Those that have been around the Veeam world for a while will most likely know what I am referring to in the title of this blog post. That said, I have seen quite a few seasoned veterans still overlooking one of the arguably most powerful reporting capabilities inside the product, the Infrastructure Overview report for Visio!
To try and be brief, this report will go out and collect metrics from all over your vSphere and/or HyperV deployments & compile that into a series of Visio diagrams. Now, one might say, that’s easy enough to do manually if you are a Visio wizard (to which perhaps Merlin himself would argue it isn’t easy), but the underlying beauty of this report is yet to be discovered by many! Think about how frequently virtual environments change… It’s almost inevitable that by the time you are 1/4 of the way through constructing your Visio, the initial information you charted is now outdated, moved, deleted, replicated, etc.. Point is, it would be near impossible to keep a master set of Visio’s up-to-date in an ever-changing virtual topology!

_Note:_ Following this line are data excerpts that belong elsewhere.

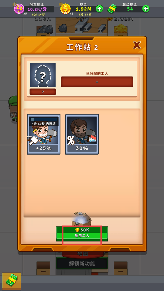 1、点击花费金币按钮,解锁新的工作站,拓展生产规模。
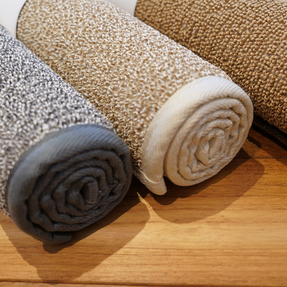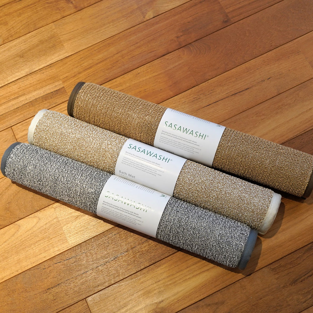 ササワシをパイル状にすることで生まれるしっかりとした硬めのコシが、足裏を刺激しながら湯上りの水分をさっと吸収します。給水量は綿の約2倍で水分の後戻り性が低く濡れてもべとつきません。きまざさの抗菌防臭効果で清潔さも保ちます。ひんやりサラサラ気持ちいい肌触りでお風呂上がりもさらっと快適です。また、バスマットとして以外でもペットの夏場のくつろぎマットとしてや、車のシートとしても活躍してくれます。
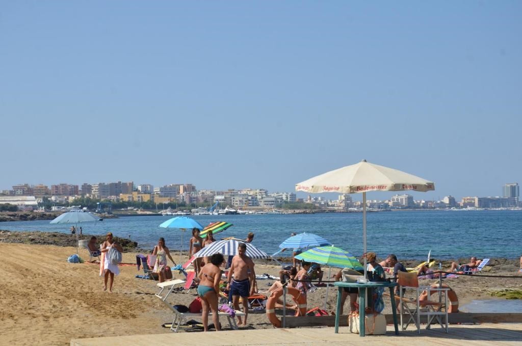 menší písečná pláž cca 200 m (přístupná podchodem), lehátka a slunečníky za poplatek
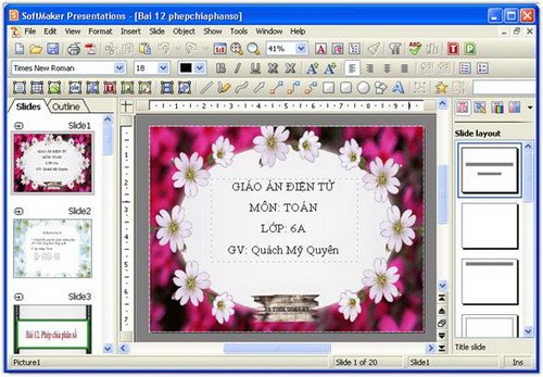 Nếu bạn đã quen thuộc với các công cụ và tính năng của TextMaker 2010 hoặc PlanMaker 2010, việc thao tác trên SoftMaker Presentations sẽ trở nên dễ dàng hơn. Phần mềm cung cấp một thư viện hiệu ứng đa dạng, giúp bạn tạo ra những bài thuyết trình sinh động và thu hút. Mặc dù số lượng hiệu ứng có thể không nhiều bằng Microsoft PowerPoint, nhưng vẫn đủ để đáp ứng nhu cầu trình bày của bạn.

Before you will be able to leverage all the goodness of this report, you’ll have to check a few boxes first. 1.) You will need to download & install the Veeam Report Viewer on whichever machine you plan to run the report from. I mention this because you do not have to install this report viewer on the Veeam ONE server itself. This can be installed locally on your client machine (desktop, laptop, etc..) and ideally, on the same machine where Visio is already installed, because.. 2.) You’ll need to have Microsoft Visio installed on whichever machine you plan to run this report from.
To locate this report in Veeam ONE, simply navigate over to Veeam ONE Reporter, click on the Workspace tab, then look at the very bottom for the Offline Reports folder. Inside, you will see the Infrastructure Overview (VISIO). You will have the ability to include/exclude your virtual machines, then you hit Preview to actually start the process (watch for pop-up blockers) …See two screenshots below from the user guide.
Now, once you have satisfied the requirements, now the fun starts. The process is actually quite simple, once you hit preview (as described above), it will download the VMR file which you simply double-click and it will open using the Veeam Report Viewer. From here, grab a coffee and sit back as it compiles. You will know when it’s finished because Visio will open with a high-level view of your environment (example below).
This is the point where I see mistakes happen. The construction of this level of Visio is nice & clean; however, super basic and not incredibly valuable to most. Notice the little small smart tag (little “i” with a circle around it) in the top left-hand corner…. Click that and you’ll see something similar to this..
If you click on any of those options, another Visio should open with much more detail than before, as the below example shows when I chose VMware Storage…
If we take a closer look…
For many, this report has already started proving valuable. I would argue; however, if this is as far as you take the report, you are missing the grand finale on why this single report has sold countless licenses for Veeam ONE. What am I referring to? It’ll take shape in a moment (pun intended).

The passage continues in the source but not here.